5. Session Layer: This layer controls the manner of information exchange (half or full duplex
transmission). It is also responsible for inserting synchronization points to mark progress of
interaction that can be used as points of error recovery such as when transferring long files on a
network with relatively short periods of failure.

6. Presentation Layer: This layer provides the upper layers with independence from differences in
representation of data (machine dependent data of Application A is converted to machine
independent data that is transported over the network and then converted to machine dependent
data for Application B at the destination).

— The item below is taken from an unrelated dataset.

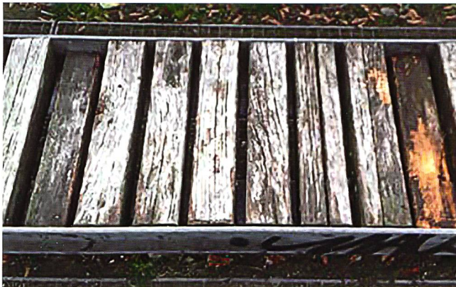
4 Holzbalkenentnahme. Prélèvement de poutres en bois.

Les méthodes de recherche et d'enseignement rattachées traitent les projets paysagers réalisés comme autant de sujets de recherche. Elles font apparaître une possibilité de relier le potentiel synergétique de l'enseignement, de la recherche et de la pratique professionnelle.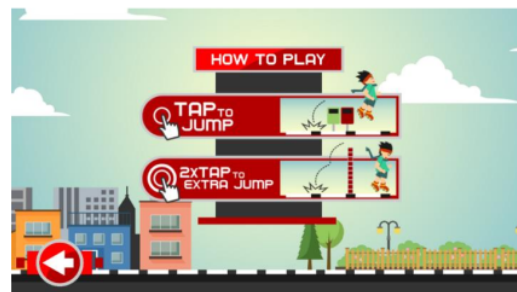
Gambar 4. How to Play

7. Application Layer: This layer provides services frequently required by applications like HTTP
(which determines how a client application such as a web-browser requests a website, and how
the server responds to that request), FTP, virtual terminal (remote login), SMTP. These protocols
define how clients and servers interact with each other.


 
EE 400: Communication Networks (102) Dr. Wajih A. Abu-Al-Saud
Ref: A. Leon Garcia and I. Widjaja, Communication Networks, 2nd Ed. McGraw Hill, 2006
Latest update of this lecture was on 21­02­2011 
 
Lecture 05: Application and Layered Architectures 

Network Devices 

The box in the middle of the above figure represents one of several possible network devices. These
devices are classified based on the number of layers they contain. For example, we can consider a
network cable to be a passive network device with no layers (Layer-0 device). An obsolete network
device is the Hub. Hubs are layer-1 devices since they go up to the Physical Layer only and do not have
upper layers. A switch is a layer-2 device which means that it contains the lower two layers (Physical and
Data Link). This is why a switch reads the MAC addresses but not IP addresses since IP addresses are
layer-3 addresses. A router is a layer-3 device. There are more devices that operate at higher layers (such
as Layer 3: Transport Layer) but we will not discuss these in this course.